Jade's Spirit (Blue Collar Boyfriends Book 2)

 

Cover Copy

 

When exotic dancer Jade seeks refuge from an abusive boyfriend in her grandmother’s aging Victorian home, she finds she’s not the only houseguest. A dream-invading incubus has taken up residence, and it wants Jade’s soul. Fortunately, a flirtatious lawn-care provider has a trick or two up his sleeve for dealing with hauntings. And he has definite rebound-guy potential—if only he would stop inviting her to church.

The virginity vow Emmett "the lawn guy" Herald took when he was seventeen has become legendary in Dover, Vermont. Ten years later, everyone is waiting to see if he’ll blow a decade of “waiting for marriage” now that he’s dating the new girl from the big city. Even Emmett thinks he has met his match in the vivacious Boston beauty. In fact, he’s starting to think virginity may be overrated.

A spark of attraction ignites between Jade and Emmett, and quickly grows into a roaring inferno. But with a demon fanning the flames, attraction has never been so perilous.

 

Highlight

 

Finishing her morning dishes at the sink put her looking out over the back lawn. Emmett was walking around the gazebo, hands on his hips, taking in the yard. His hair winked gold and bronze in the sunshine. The waffle-weave of his Henley hugged his broad shoulders, and his jeans fit snugly around powerful thighs. Fawn-colored lug-sole boots completed the masculine look.

God, he was attractive.

He made his way back up to the house, forehead creased in concentration, probably because he was calculating her estimate.

She slid open the door to the deck in welcome.

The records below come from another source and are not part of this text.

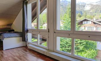 Brienz: Small apartment house, 3 storeys. In a sunny position on a slope, in the residential district, 400 m from the lake. In the house: table football, central heating system. Parking (for 2 cars) at the house. Grocery 200 m, supermarket 1.5 km, restaurant 250 m, bakery 200 m, bus stop 250 m, railway station "Brienz" 1.3 km, public bathing area 600 m. Golf course (18 hole) 25 km, walking paths from the house, cycle lane 10 m, mountain railway 1.5 km, skisport facilities 12 km, ski bus stop 250 m, ski school 12 km, sled run 15 km, cross country ski track 15 km. Nearby attractions: Freilichtmuseum Ballenberg, Brienzer Rothorn, Aareschlucht. Well-known ski regions can easily be reached: Meiringen - Hasliberg 15 km, Axalp 12 km. Well-known lakes can easily be reached: Brienzersee. Hiking paths: Brienzer Rothorn, Axalp, Rosenlaui. Groups of teenagers on request only. Please note: airfield close by. "Belvedere", 5-room maisonette 210 m2 on 2 levels, on the top floor, south-west facing position. Spacious and bright, very comfortable and cosy furnishings: open large dining room with panoramic window. Exit to the balcony. 1 room with 1 double bed (2 x 80 cm, length 200 cm). Exit to the balcony. 1 children's room with 1 x 2 bunk beds (90 cm, length 200 cm). Exit to the balcony. Large kitchen (oven, dishwasher, 4 ceramic glass hob hotplates, toaster, kettle, microwave, electric coffee machine, Capsules for coffee machine (Nespresso) extra). Sep. WC, bath/shower/WC. Upper floor: open living room with panoramic window with digital TV and flat screen. Exit to the terrace. 1 large room with 3 beds (90 cm, length 200 cm). Balcony 20 m2, south facing position and west facing position. Balcony furniture. Marvellous panoramic view of the lake, the mountains and the countryside. Facilities: washing machine, iron, children's high chair, baby cot for up to 2 year olds (extra), hair dryer. Internet (WiFi, free). Parking (2 cars) at the house. Please note: suitable for families. Non-smokers only. Smoke alarm, fire extinguisher.
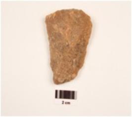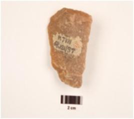 | Description / विवरण | A scraper made on quartzite end struck flake, convex in section, unifacail use wear marks on edges, diffused bulb on ventral side. |
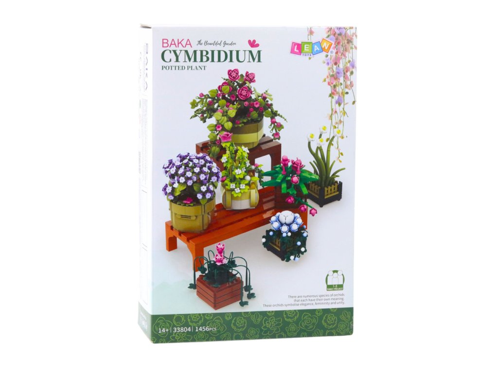 Květinová stavebnice Cymbidium je rozsáhlá sada stavebnicových dílků, která umožňuje vytvořit impozantní botanickou kompozici až 7 různých pokojových rostlin a estetickou prezentační poličku s prvky ve stylu dřeva
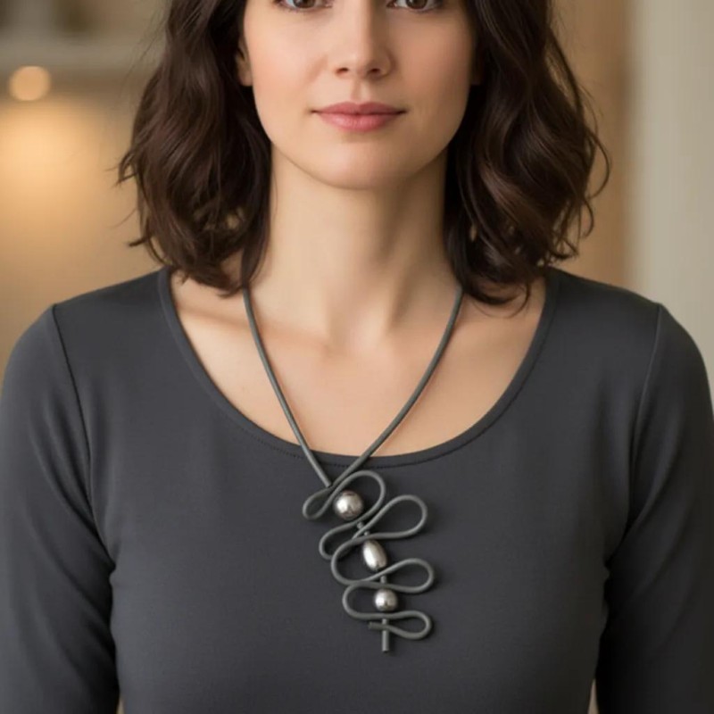 18" necklace w/ looped rubber cord, Egyptian (metal) pearls & an adjustable closure.
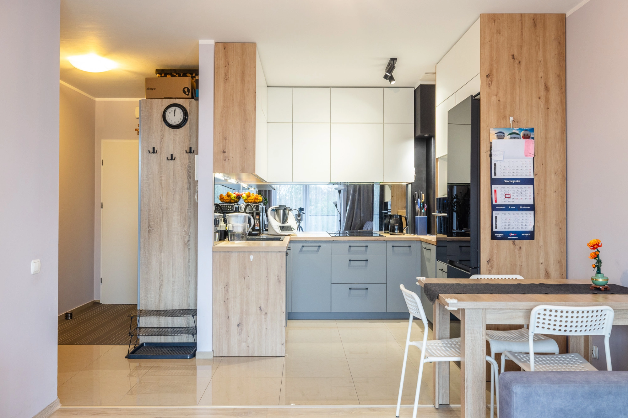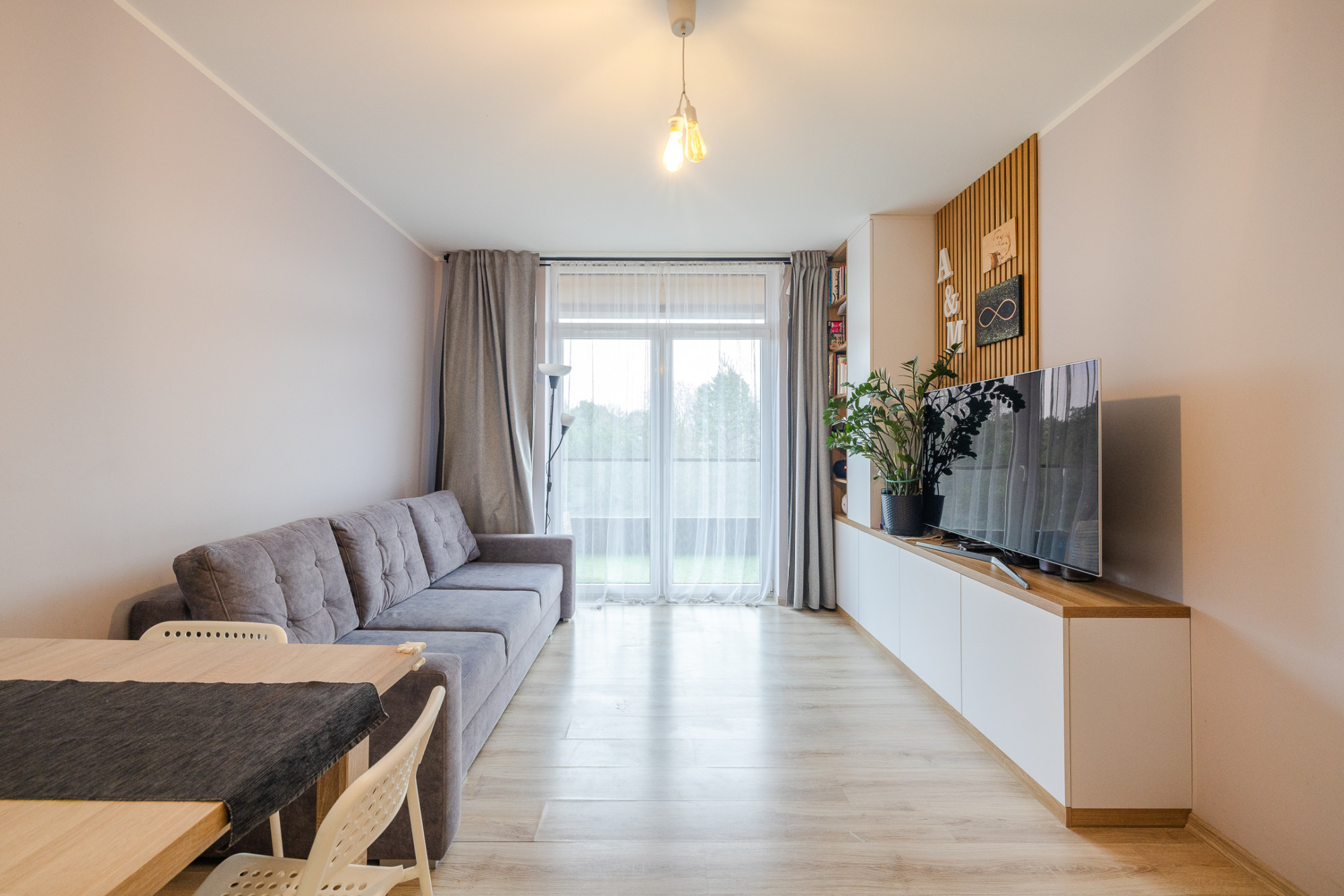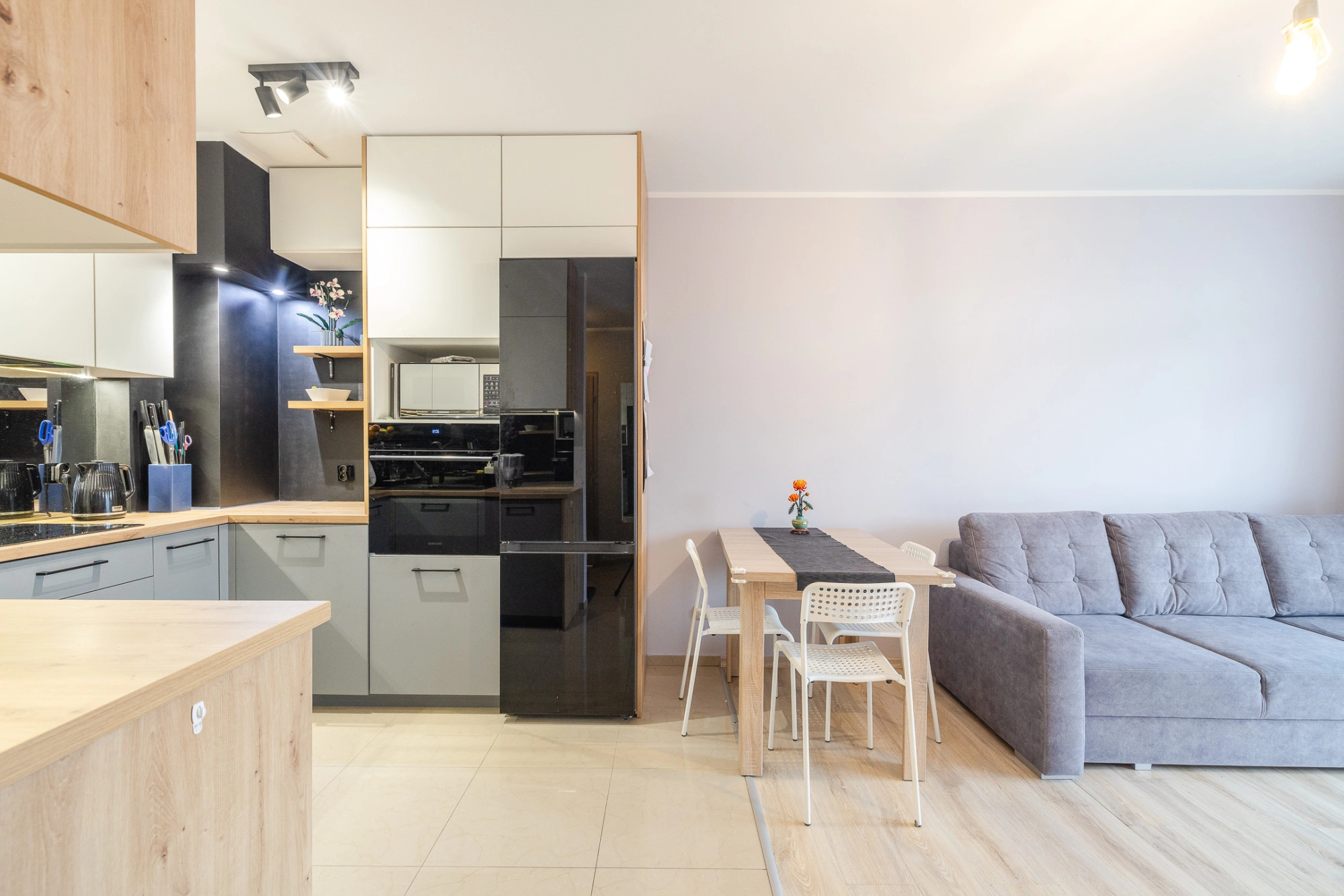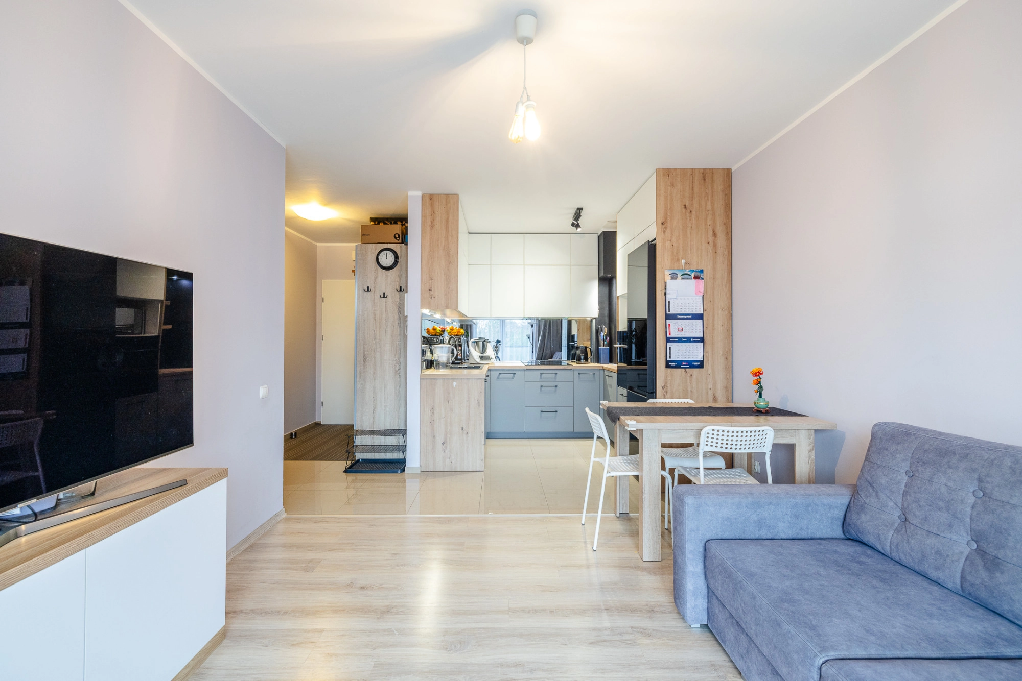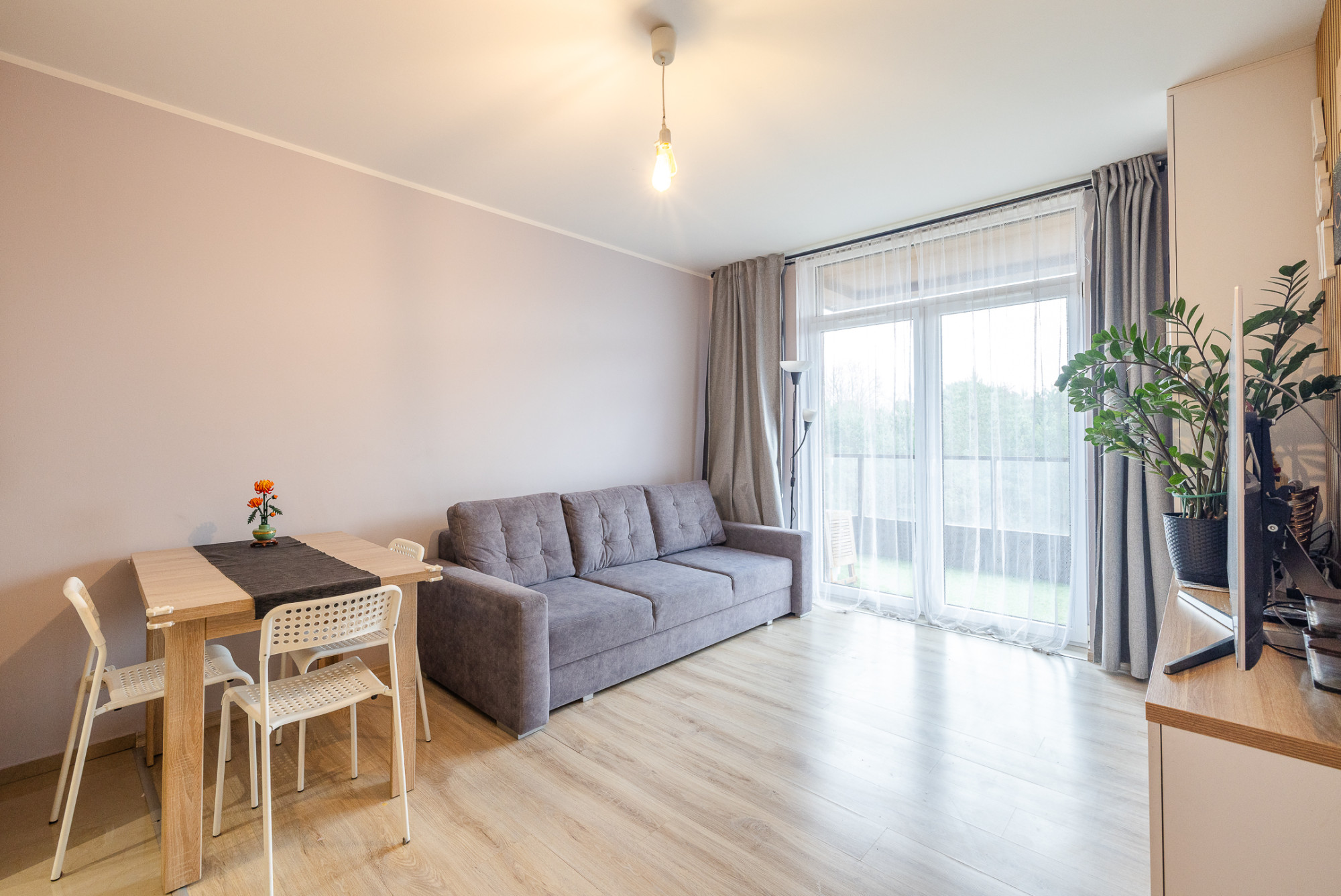 – pokój dzienny z aneksem kuchennym oraz wyjściem na balkon; aneks z meblami w zabudowie i sprzętem AGD

As he met her gaze, his face transformed. Concentration yielded to warm recognition. His smile took away her choice in the matter; it was inevitable. She was going to have her way with Emmett Herald.

 

Jade’s Spirit

By Jessi Gage

 

Dedication

 

To my grandmother, Beverly Stephens

 

Acknowledgements

 

Creativity comes from an internal place that must be fed regularly. Julie Brannagh and Amy Raby, not only do we eat excellent food when we get together each week, but being with you ladies feeds my writer’s soul as well. Thank you for your friendship and critiques. I wouldn’t be where I am without you both.

 

Thank you, Mom, for proofreading, babysitting, and shuttling the girl to school and back when I’m on a writing bender. I would not have the time to write at all without you making sure the kids don’t starve and kill each other. Furthermore, this story, specifically, would not have come into being without your stories of the shadow man who haunted the house you grew up in. So thank you for all your support and inspiration.

 

Thank you, Piper Denna, for keeping me on as a client even though it meant taking time away from your own writing. You’re the best editor a girl could ask for.

 

Thank you, Rebecca Gill, Shiboney Dumo, and Monica Weir for beta reading. Without you, many embarrassing mistakes would have made it into these pages.

 

Thank you, Shane, for your endless encouragement and for telling me often how proud you are of me. I know you really wanted the title of this book to be
Exorcist in a Hawaiian Shirt
. Thanks for yielding to my judgment on this one and for letting me indulge my creative side on a daily basis.

Chapter
1

 

The yard was a disaster.

Jade pulled up along the curb and parked her Jetta in front of Grandma Nina’s two-story brick Victorian. In the months since she’d been here last, the normally tidy shrubs had tangled together and overgrown the front walk. The flower beds had become infested with dandelions. And the grass. Ugh. Grandma Nina had always kept it lush and green year-round, but now it was knee-high and corn-husk yellow.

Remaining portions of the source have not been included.